Hexagonal tile differences

A hexagonal tile with number 1 is surrounded by a ring of six hexagonal tiles, starting at “12 o’clock” and numbering the tiles 2 to 7 in an anti-clockwise direction.

New rings are added in the same fashion, with the next rings being numbered 8 to 19, 20 to 37, 38 to 61, and so on. The diagram below shows the first three rings.

By finding the difference between tile n and each of its six neighbours we shall define PD(n) to be the number of those differences which are prime.

For example, working clockwise around tile 8 the differences are 12, 29, 11, 6, 1, and 13. So PD(8) = 3.

In the same way, the differences around tile 17 are 1, 17, 16, 1, 11, and 10, hence PD(17) = 2.

It can be shown that the maximum value of PD(n) is 3.

If all of the tiles for which PD(n) = 3 are listed in ascending order to form a sequence, the 10th tile would be 271.

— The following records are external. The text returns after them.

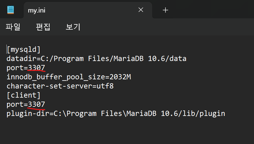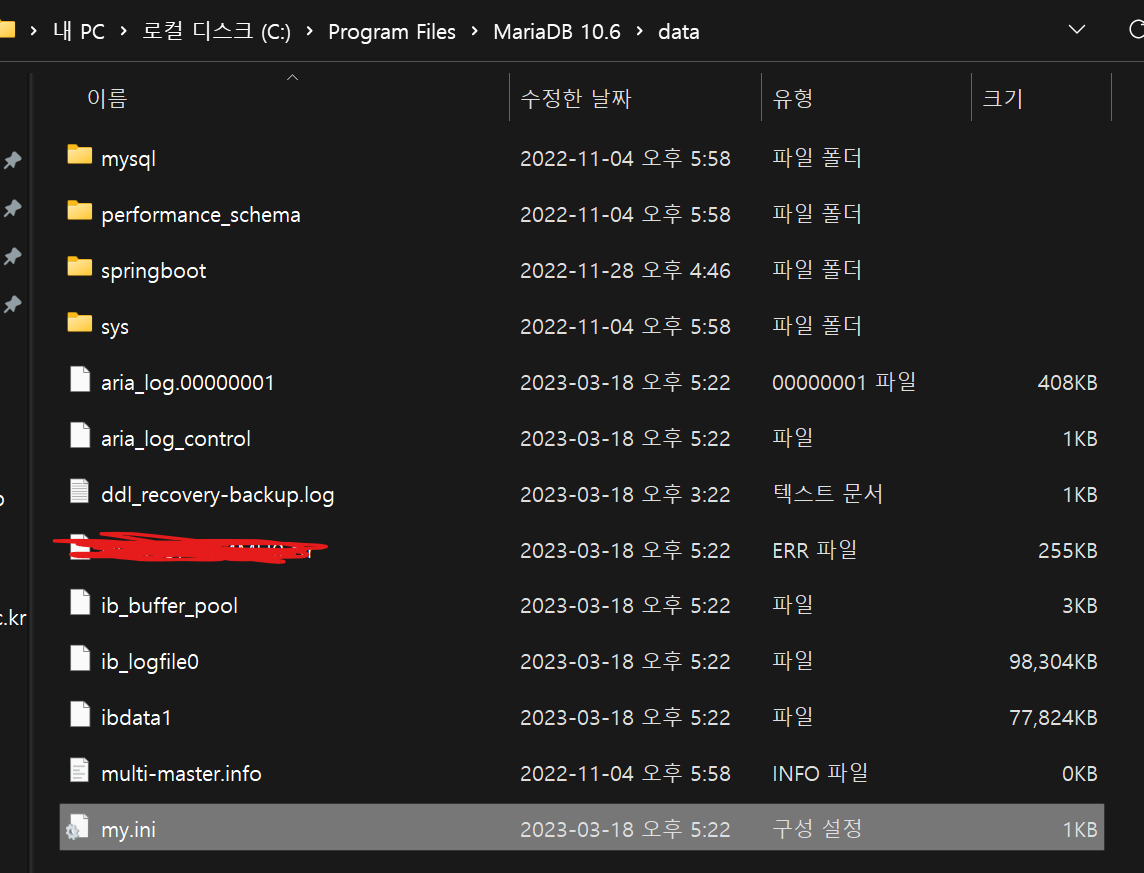 mariaDB의 폴더에 접근해서 my.ini을 열어주자.
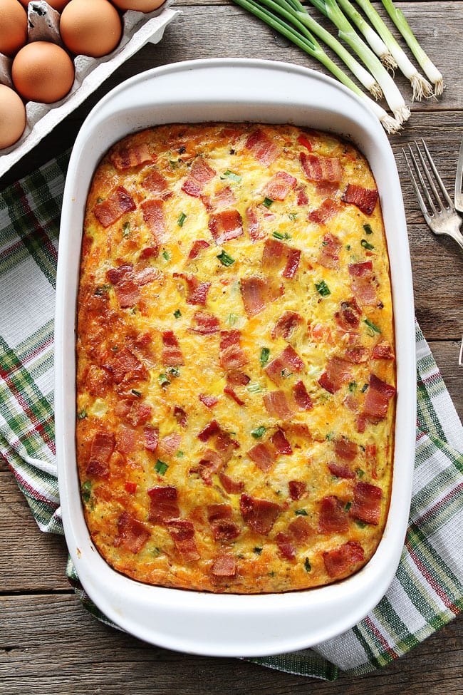 Bacon Potato, and Egg Casserole – this easy breakfast casserole is packed with bacon, potatoes, and cheese! It can be prepared ahead of time and is a real crowd pleaser!
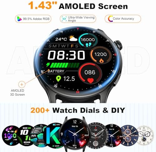1.43″ AMOLED touchscreen for clear visuals: The ios android smart watch is equipped with a AMOLED color screen, delivering superior image quality and touch sensitivity. Step counter watch has over 200 unique online dials available, you can also customize the watch face using any photo—such as pictures of family, pets, and more—to create a truly unique look.Calorie counter watch come with 2 watch straps of different colors.
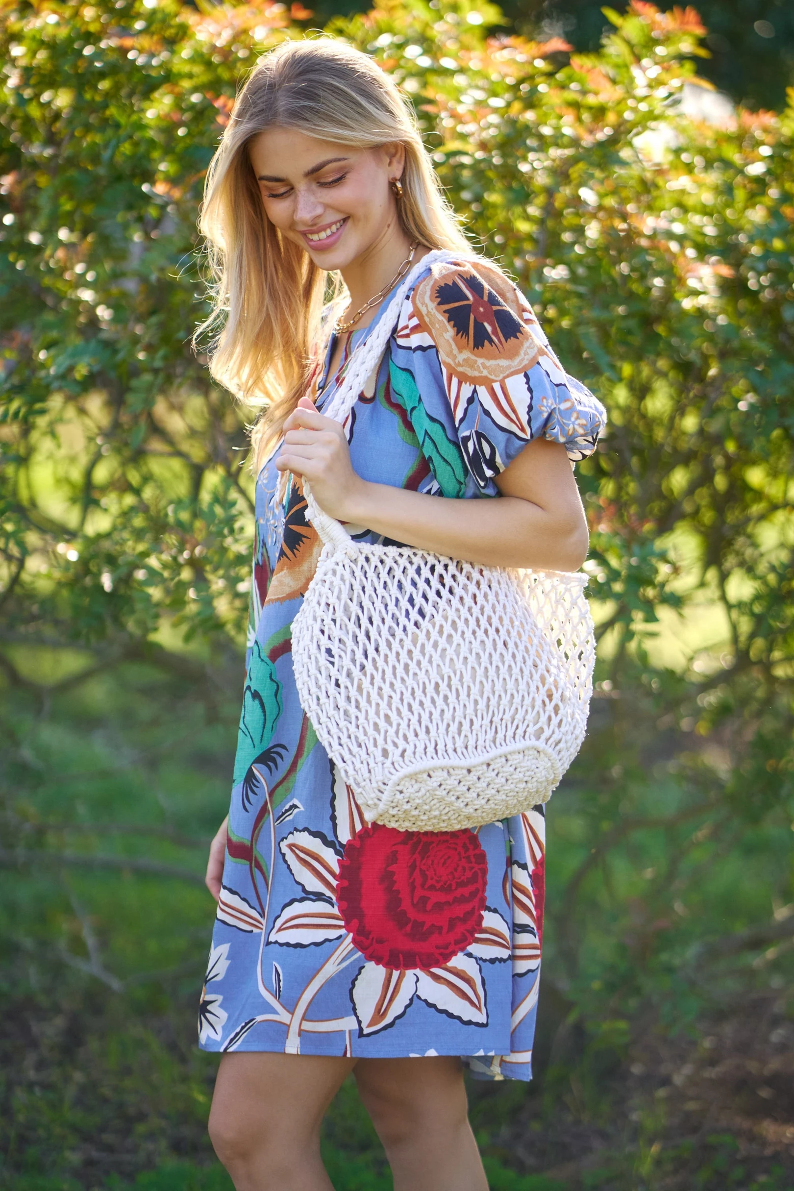 Vibrant Floral Round Neck Blouse with Scalloped Hem Details
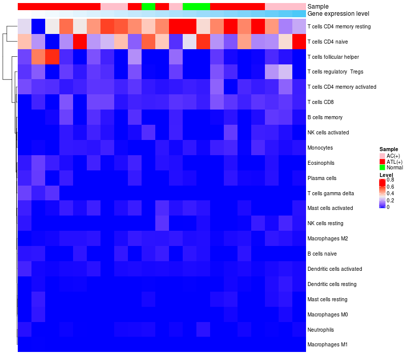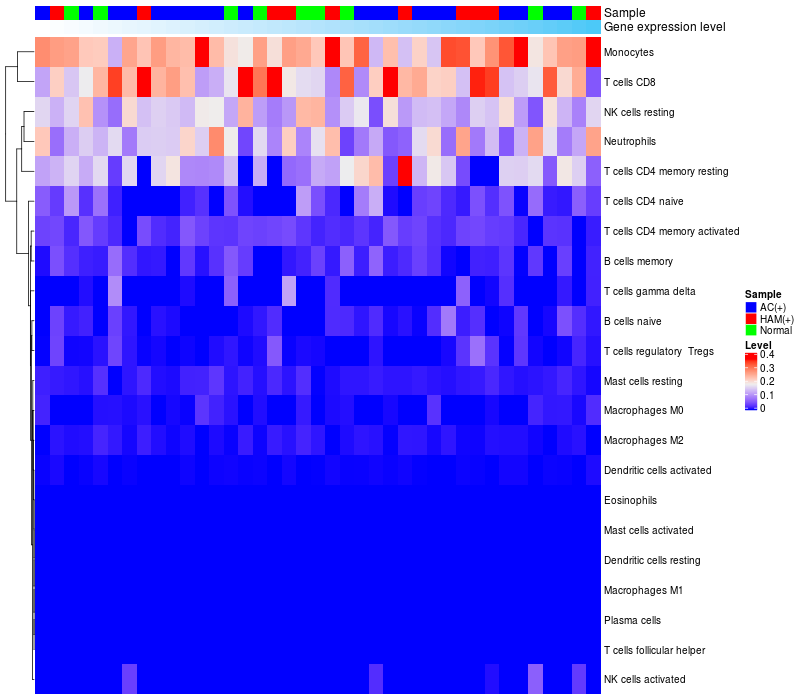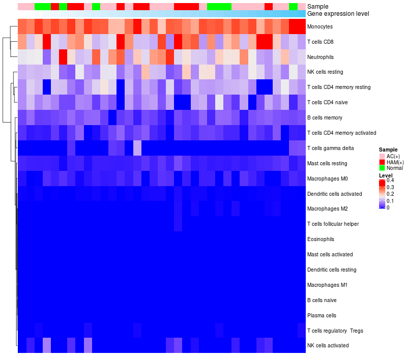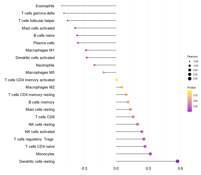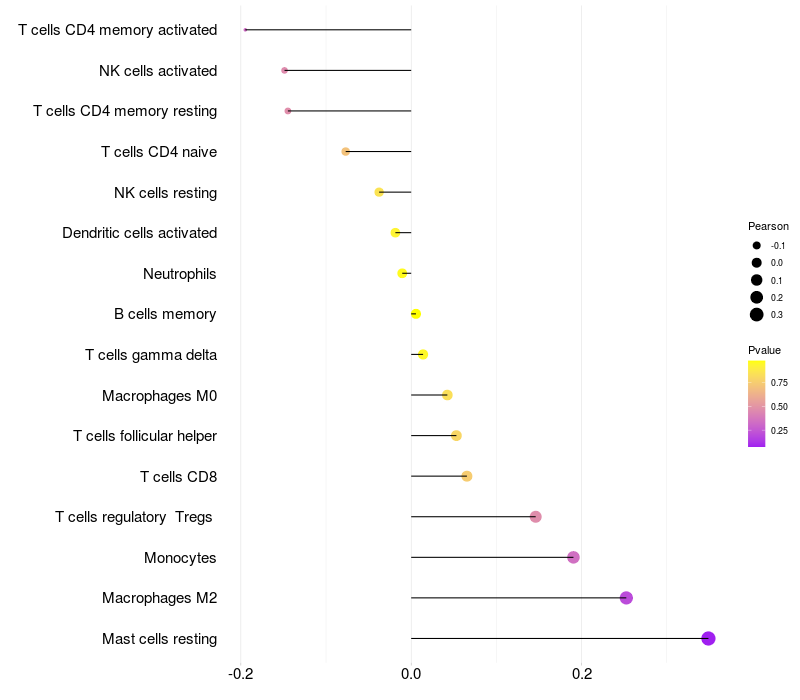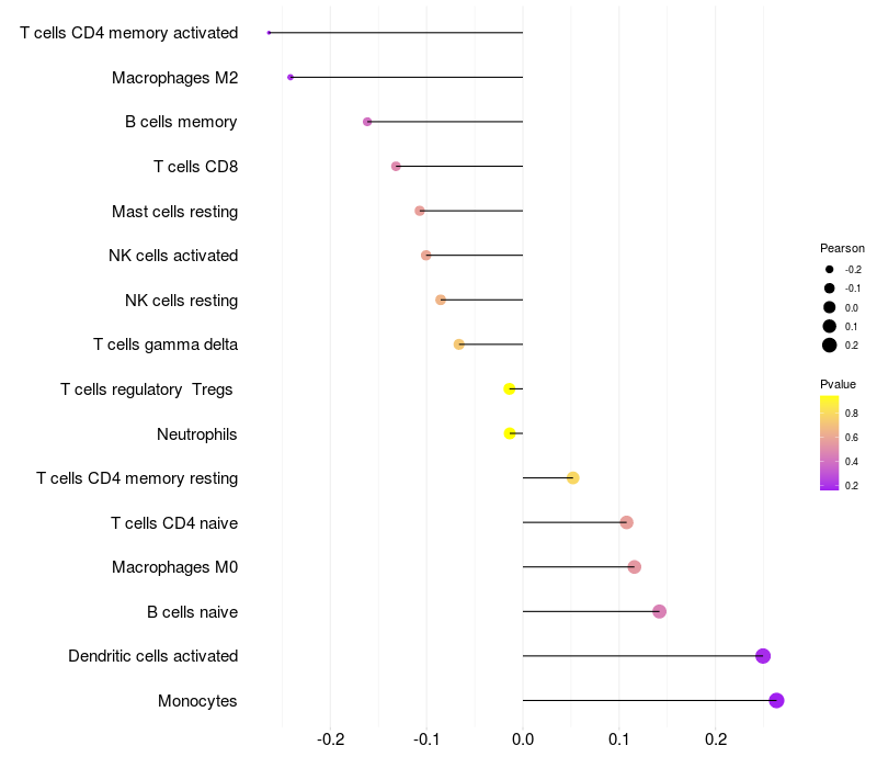 Relationship between gene expression and immune infiltrating cell level
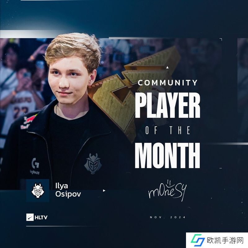 今天HLTV公布了日前评选的11月代表选手评选结果。在四名候选人(m0NESY、ZywOo、donk和NertZ)中,m0NESY最终得票率一骑绝尘,拿到了63.9%的票数,而第二名ZywOo票数为16.7%,第三名donk为11%,NertZ为最后一名,仅有8.4%。
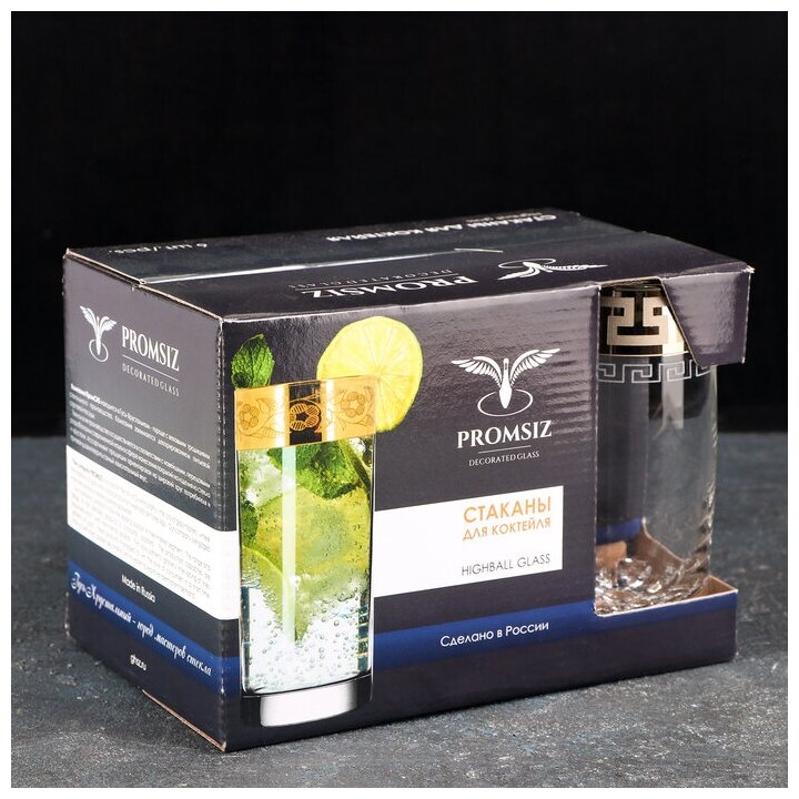 10 цен на Набор стаканов для сока «Греческий узор», 390 мл, 6 шт
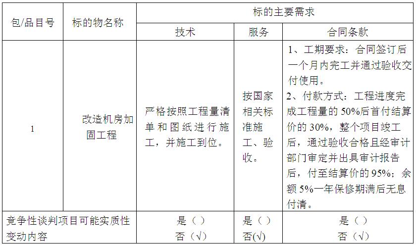 4、采購項目的主要需求及談判可能實質(zhì)性變動內(nèi)容:
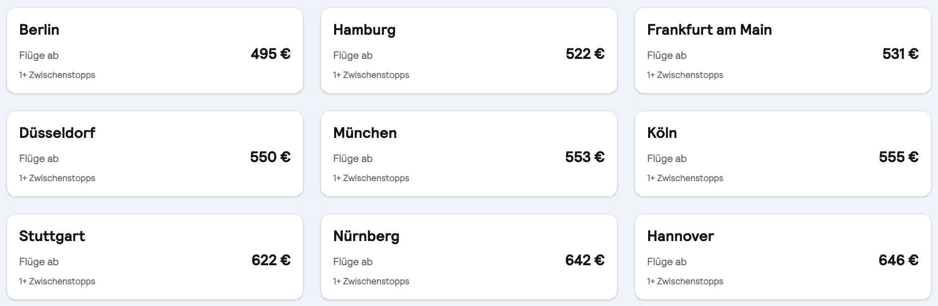 Flüge gibt es deutschlandweit bereits ab 495 Euro (Hin- und Rückflug!)
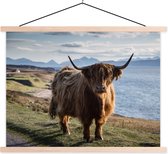Porte-affiche avec affiche - Affiche scolaire - Highlander écossais - Forêt - Montagnes - 150x113 cm - Lattes noires
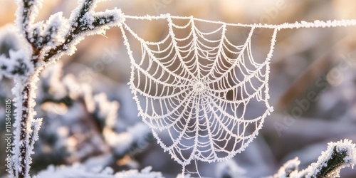 The watermark will not be included on Wall mural.: Intricate spider web adorned with delicate hoar frost, creating a mesmerizing display of nature s ar
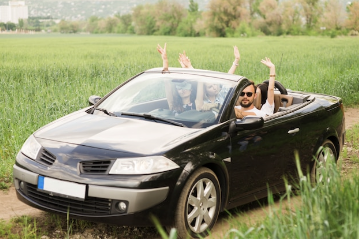 우리 모두 간신히 그의 차에 탔어요.
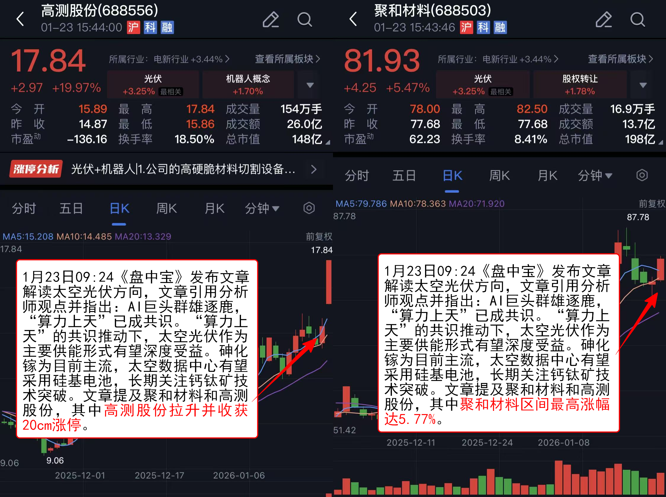 1月23日09:24《盘中宝》发布文章解读太空光伏方向,文章引用分析师观点并指出:AI巨头群雄逐鹿,“算力上天”已成共识。“算力上天”的共识推动下,太空光伏作为主要供能形式有望深度受益。砷化镓为目前主流,太空数据中心有望采用硅基电池,长期关注钙钛矿技术突破。文章提及聚和材料和高测股份,其中高测股份拉升并收获20cm涨停,聚和材料区间最高涨幅达5.77%。
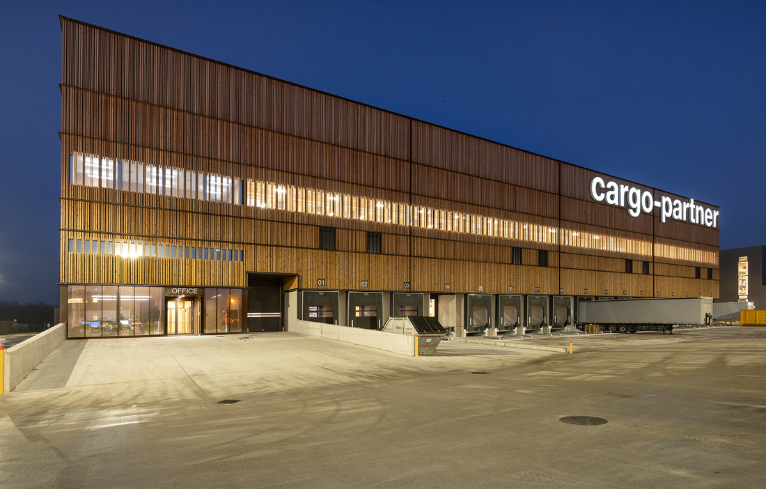 Även utvändigt är det en avsevärd skillnad mellan Cargo-Partners moderna byggnad och de jättelika logistikcenter, alla intill förväxling stöpta i samma form, som brukar finnas uppradade utanför internationella flygplatser runt om i världen. Fasaden i dekorativ lärkpanel bidrar med en levande yta som skiftar med vädret, årstiderna, tid på dygnet och tilltagande ålder.

Find the 2000th tile in this sequence.


六边形地砖的差

标有数1的六边形地砖被一圈六个六边形地砖包围,这些地砖从12点钟方向(正上方)开始沿逆时针顺序依次标记为2至7。

在这个图形的外面,继续加上新的六边形地砖,接下来的几圈分别按照同样的规则标上8至19,20至37,38至61,依此类推。下图显示了前三圈所构成的图形。

考虑标有n的地砖与其周围六块地砖的差,我们定义PD(n)是这些差中素数的数目。

例如,按顺时针顺序,标有8的地砖与周围地砖的差是12,29,11,6,1和13。所以PD(8) = 3。

同样的,标有17的地砖与周围地砖的差是1,17,16,1,11和10,所以PD(17) = 2。

可以验证,PD(n)的最大值就是3。

如果所有PD(n) = 3的地砖构成从小到大排列的序列,那么第10块将是标有271的地砖。

找出这个序列中的第2000块地砖所标的数。